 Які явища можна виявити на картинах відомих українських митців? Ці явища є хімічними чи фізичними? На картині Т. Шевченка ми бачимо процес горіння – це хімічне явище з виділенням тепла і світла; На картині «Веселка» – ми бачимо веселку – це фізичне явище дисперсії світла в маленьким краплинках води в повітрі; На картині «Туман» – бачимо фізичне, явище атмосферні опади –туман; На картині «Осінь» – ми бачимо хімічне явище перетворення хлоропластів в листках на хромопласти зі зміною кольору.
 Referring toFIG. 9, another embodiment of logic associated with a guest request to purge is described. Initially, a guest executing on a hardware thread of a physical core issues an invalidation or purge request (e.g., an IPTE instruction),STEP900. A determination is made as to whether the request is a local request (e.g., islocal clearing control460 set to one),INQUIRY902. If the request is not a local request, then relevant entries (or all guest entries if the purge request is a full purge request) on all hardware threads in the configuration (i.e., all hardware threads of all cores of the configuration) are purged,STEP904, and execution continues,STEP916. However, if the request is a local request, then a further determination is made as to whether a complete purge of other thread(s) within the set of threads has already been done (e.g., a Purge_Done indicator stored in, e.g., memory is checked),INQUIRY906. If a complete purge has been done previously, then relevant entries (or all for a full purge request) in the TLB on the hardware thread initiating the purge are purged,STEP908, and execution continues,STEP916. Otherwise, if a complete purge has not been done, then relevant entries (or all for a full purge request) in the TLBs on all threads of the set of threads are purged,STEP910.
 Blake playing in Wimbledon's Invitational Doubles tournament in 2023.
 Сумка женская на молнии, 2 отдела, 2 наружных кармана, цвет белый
◆ ◆ ◆ ◆ ◆
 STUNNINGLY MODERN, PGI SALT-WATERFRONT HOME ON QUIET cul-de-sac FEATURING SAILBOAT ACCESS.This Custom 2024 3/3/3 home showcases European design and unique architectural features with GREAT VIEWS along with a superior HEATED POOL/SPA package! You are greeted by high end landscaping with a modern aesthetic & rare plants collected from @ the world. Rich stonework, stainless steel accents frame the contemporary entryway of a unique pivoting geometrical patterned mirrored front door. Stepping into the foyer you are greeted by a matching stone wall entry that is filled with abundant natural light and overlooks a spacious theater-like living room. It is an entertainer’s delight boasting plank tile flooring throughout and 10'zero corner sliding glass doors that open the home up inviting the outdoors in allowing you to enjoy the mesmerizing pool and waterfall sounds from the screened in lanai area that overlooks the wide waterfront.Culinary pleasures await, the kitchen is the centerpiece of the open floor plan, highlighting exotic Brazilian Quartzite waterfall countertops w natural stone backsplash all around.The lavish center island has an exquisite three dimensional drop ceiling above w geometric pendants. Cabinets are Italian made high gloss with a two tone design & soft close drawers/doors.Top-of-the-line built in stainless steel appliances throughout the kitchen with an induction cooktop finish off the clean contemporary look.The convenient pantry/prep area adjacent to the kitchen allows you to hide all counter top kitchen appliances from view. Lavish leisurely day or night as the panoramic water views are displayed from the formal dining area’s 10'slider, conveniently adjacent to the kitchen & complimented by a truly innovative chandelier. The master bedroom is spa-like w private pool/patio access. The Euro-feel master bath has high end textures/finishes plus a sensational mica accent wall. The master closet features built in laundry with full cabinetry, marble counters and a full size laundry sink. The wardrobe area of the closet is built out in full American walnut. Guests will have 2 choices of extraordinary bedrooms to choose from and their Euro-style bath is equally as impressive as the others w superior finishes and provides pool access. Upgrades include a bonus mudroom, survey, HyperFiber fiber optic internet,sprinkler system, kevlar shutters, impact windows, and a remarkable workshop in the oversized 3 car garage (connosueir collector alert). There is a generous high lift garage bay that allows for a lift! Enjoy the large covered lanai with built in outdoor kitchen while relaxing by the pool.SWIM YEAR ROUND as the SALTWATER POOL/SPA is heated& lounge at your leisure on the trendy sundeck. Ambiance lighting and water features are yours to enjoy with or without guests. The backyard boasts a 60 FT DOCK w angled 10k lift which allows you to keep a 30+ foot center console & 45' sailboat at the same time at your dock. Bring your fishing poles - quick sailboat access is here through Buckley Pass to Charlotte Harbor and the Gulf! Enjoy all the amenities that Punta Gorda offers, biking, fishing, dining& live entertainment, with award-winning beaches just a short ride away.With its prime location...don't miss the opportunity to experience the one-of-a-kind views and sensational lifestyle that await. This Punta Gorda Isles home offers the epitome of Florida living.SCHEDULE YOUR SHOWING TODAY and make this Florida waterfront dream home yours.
◆ ◆ ◆ ◆ ◆
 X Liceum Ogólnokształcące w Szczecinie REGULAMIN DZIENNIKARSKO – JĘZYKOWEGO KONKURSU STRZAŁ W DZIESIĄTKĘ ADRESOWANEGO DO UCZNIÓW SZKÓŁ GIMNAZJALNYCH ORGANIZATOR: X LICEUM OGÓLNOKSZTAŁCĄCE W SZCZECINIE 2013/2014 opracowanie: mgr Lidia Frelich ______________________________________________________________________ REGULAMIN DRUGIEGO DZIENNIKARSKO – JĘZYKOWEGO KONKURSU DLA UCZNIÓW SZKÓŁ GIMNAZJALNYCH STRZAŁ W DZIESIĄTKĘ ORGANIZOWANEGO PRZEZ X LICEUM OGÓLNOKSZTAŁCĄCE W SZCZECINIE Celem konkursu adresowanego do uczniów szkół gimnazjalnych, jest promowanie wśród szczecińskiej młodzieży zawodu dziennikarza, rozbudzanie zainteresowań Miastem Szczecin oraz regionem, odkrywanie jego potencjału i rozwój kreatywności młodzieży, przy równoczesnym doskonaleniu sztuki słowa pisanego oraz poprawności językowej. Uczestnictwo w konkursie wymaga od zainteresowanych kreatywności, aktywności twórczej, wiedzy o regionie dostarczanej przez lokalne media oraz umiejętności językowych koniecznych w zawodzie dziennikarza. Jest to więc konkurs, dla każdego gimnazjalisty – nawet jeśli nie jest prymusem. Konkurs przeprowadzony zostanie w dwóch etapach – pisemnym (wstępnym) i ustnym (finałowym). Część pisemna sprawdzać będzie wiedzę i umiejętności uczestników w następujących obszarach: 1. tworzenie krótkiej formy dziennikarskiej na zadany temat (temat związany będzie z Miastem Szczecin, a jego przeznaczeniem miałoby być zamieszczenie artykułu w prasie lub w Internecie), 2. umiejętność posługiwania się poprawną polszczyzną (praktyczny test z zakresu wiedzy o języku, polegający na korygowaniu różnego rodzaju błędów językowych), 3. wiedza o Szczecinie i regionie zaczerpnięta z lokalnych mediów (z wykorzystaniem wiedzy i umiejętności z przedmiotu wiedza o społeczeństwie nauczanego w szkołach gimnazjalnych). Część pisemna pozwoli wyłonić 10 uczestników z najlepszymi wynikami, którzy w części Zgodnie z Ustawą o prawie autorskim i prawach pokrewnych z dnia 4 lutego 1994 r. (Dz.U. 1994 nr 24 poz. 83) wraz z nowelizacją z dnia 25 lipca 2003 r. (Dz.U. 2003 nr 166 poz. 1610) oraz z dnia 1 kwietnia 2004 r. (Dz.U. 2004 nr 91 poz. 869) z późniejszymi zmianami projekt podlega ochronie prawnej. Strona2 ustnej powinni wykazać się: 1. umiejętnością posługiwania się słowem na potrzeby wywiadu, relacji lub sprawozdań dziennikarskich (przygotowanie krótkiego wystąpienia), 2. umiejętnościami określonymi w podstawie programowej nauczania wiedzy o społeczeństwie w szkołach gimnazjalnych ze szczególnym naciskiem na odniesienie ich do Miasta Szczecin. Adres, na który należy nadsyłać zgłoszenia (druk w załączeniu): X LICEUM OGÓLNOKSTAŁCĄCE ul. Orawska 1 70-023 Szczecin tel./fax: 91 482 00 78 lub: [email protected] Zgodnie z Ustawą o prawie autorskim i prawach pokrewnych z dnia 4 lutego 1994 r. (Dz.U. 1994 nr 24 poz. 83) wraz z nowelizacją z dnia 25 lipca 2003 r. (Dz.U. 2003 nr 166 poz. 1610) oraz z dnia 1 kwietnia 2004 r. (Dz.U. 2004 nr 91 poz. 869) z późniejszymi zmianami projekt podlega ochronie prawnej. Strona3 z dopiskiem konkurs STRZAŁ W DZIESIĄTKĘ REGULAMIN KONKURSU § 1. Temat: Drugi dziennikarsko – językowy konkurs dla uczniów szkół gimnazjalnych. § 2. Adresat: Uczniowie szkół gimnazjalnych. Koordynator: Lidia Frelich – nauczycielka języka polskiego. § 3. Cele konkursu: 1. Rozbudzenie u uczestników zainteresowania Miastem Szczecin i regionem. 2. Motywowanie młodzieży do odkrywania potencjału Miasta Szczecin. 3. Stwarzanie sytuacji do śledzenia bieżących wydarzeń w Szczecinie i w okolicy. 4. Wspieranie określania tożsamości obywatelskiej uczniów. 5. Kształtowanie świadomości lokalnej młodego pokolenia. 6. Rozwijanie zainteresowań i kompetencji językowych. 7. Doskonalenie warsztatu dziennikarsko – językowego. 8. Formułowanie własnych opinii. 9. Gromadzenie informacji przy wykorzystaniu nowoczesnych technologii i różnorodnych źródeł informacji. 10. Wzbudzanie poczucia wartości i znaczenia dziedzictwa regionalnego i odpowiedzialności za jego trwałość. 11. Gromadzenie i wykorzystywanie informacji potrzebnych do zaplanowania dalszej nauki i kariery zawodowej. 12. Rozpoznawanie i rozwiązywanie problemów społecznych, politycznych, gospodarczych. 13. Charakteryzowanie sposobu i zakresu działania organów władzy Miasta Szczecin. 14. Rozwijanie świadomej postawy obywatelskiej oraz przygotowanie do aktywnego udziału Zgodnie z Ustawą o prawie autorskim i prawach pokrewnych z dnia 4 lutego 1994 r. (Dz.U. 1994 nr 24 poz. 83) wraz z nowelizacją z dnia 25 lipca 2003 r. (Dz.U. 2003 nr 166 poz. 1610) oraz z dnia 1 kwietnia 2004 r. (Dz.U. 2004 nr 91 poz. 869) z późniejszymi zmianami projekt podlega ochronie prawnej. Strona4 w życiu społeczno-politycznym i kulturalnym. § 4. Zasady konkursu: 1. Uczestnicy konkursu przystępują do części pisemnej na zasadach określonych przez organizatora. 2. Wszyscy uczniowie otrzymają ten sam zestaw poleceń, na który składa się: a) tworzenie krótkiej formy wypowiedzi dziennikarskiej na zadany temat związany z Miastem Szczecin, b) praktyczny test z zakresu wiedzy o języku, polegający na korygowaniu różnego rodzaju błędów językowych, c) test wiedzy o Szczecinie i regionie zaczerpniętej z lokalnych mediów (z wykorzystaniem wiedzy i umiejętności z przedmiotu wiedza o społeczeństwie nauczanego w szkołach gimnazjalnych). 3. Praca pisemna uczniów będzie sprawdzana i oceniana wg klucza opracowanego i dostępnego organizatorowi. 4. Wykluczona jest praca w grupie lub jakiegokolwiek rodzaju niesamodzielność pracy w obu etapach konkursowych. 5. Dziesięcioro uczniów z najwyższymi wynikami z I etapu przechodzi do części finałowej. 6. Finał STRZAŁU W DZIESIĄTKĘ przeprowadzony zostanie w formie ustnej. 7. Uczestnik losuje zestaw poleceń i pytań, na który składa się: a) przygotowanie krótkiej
◆ ◆ ◆ ◆ ◆
### What is being asked
Only one stretch of the records above is wanted: the lines between the one holding "Blake playing in" and the one holding "Сумка женская на", inclusive, reproduced exactly.

### Reply to the exercise
 Blake playing in Wimbledon's Invitational Doubles tournament in 2023.
 Сумка женская на молнии, 2 отдела, 2 наружных кармана, цвет белый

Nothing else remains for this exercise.